**Dataset extract:**

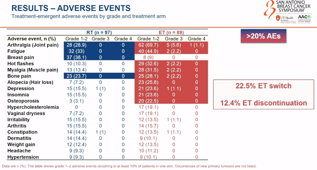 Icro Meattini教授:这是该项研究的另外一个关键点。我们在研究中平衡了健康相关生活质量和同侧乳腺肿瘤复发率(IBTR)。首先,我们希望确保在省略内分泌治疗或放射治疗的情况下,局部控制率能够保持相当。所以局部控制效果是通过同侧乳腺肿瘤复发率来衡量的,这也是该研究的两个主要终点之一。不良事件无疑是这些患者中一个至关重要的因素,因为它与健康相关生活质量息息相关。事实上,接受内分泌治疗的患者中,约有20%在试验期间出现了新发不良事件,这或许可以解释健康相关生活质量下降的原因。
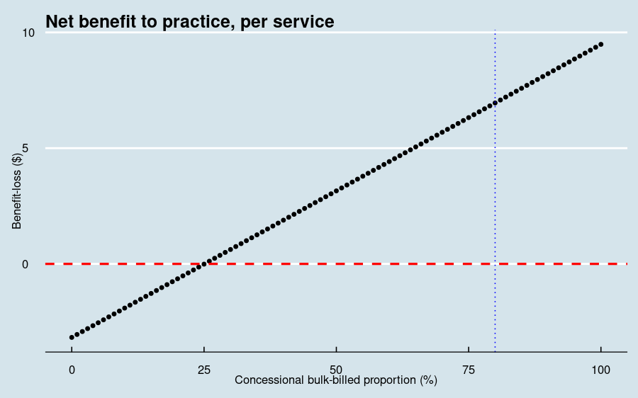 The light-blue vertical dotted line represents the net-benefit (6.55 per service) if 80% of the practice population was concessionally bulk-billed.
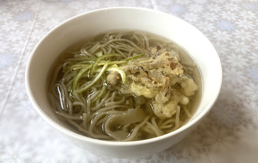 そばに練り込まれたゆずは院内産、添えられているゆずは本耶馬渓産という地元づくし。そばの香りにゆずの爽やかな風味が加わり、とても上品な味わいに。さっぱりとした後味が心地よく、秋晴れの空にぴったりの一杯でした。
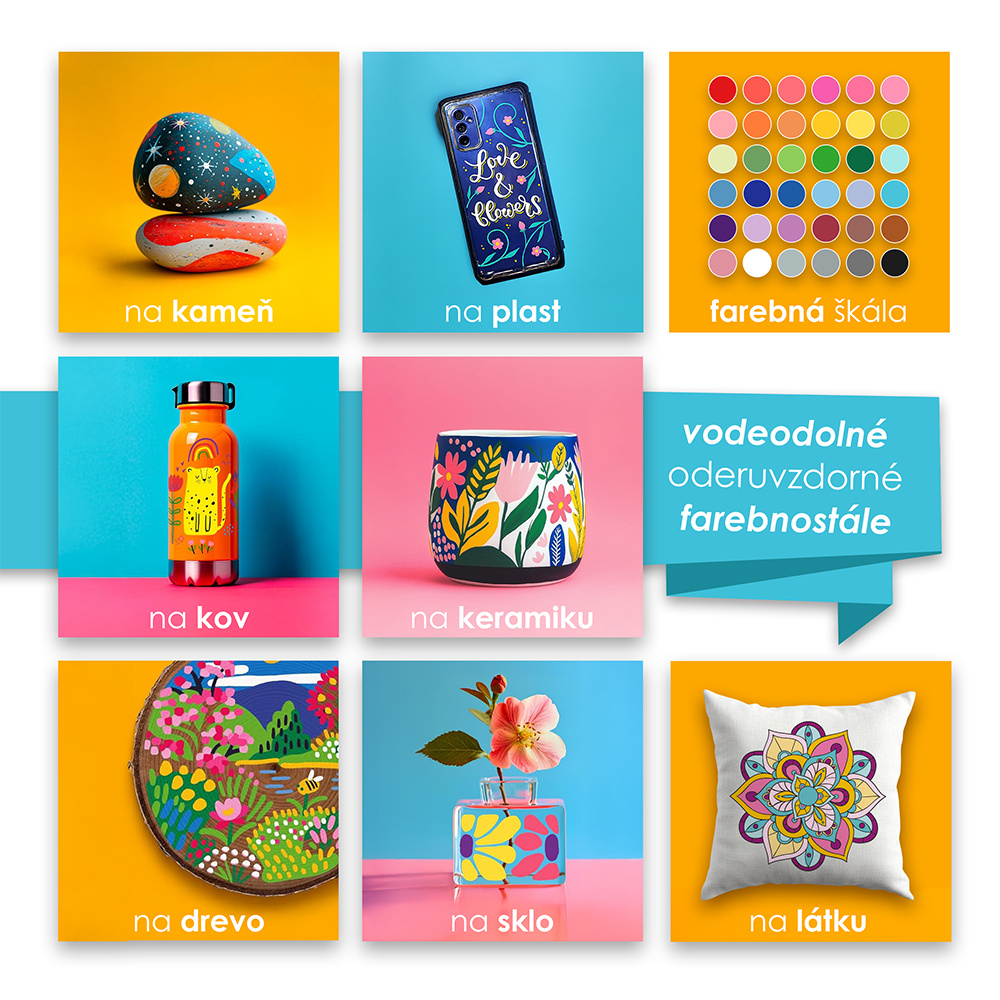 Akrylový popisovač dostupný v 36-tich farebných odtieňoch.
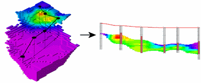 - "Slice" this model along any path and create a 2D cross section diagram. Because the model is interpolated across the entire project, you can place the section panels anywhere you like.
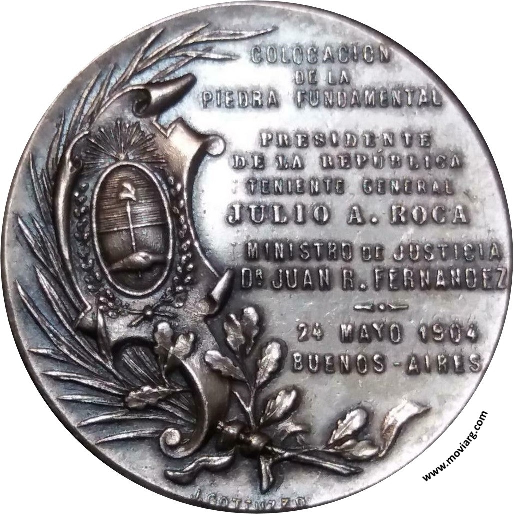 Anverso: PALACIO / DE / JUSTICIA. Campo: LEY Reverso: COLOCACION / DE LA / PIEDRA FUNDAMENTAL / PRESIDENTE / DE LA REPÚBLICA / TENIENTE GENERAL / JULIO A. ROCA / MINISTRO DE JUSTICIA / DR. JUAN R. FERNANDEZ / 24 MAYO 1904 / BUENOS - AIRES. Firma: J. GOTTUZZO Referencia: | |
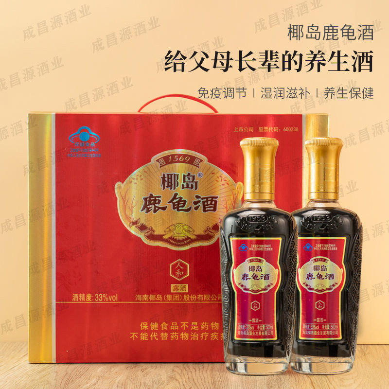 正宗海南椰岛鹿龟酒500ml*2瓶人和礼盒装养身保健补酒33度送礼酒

**Activity:** Set the data above down again exactly as given, with no pictures.

**Output below:**
 Icro Meattini教授:这是该项研究的另外一个关键点。我们在研究中平衡了健康相关生活质量和同侧乳腺肿瘤复发率(IBTR)。首先,我们希望确保在省略内分泌治疗或放射治疗的情况下,局部控制率能够保持相当。所以局部控制效果是通过同侧乳腺肿瘤复发率来衡量的,这也是该研究的两个主要终点之一。不良事件无疑是这些患者中一个至关重要的因素,因为它与健康相关生活质量息息相关。事实上,接受内分泌治疗的患者中,约有20%在试验期间出现了新发不良事件,这或许可以解释健康相关生活质量下降的原因。
 The light-blue vertical dotted line represents the net-benefit (6.55 per service) if 80% of the practice population was concessionally bulk-billed.
 そばに練り込まれたゆずは院内産、添えられているゆずは本耶馬渓産という地元づくし。そばの香りにゆずの爽やかな風味が加わり、とても上品な味わいに。さっぱりとした後味が心地よく、秋晴れの空にぴったりの一杯でした。
 Akrylový popisovač dostupný v 36-tich farebných odtieňoch.
 - "Slice" this model along any path and create a 2D cross section diagram. Because the model is interpolated across the entire project, you can place the section panels anywhere you like.
 Anverso: PALACIO / DE / JUSTICIA. Campo: LEY Reverso: COLOCACION / DE LA / PIEDRA FUNDAMENTAL / PRESIDENTE / DE LA REPÚBLICA / TENIENTE GENERAL / JULIO A. ROCA / MINISTRO DE JUSTICIA / DR. JUAN R. FERNANDEZ / 24 MAYO 1904 / BUENOS - AIRES. Firma: J. GOTTUZZO Referencia: | |
 正宗海南椰岛鹿龟酒500ml*2瓶人和礼盒装养身保健补酒33度送礼酒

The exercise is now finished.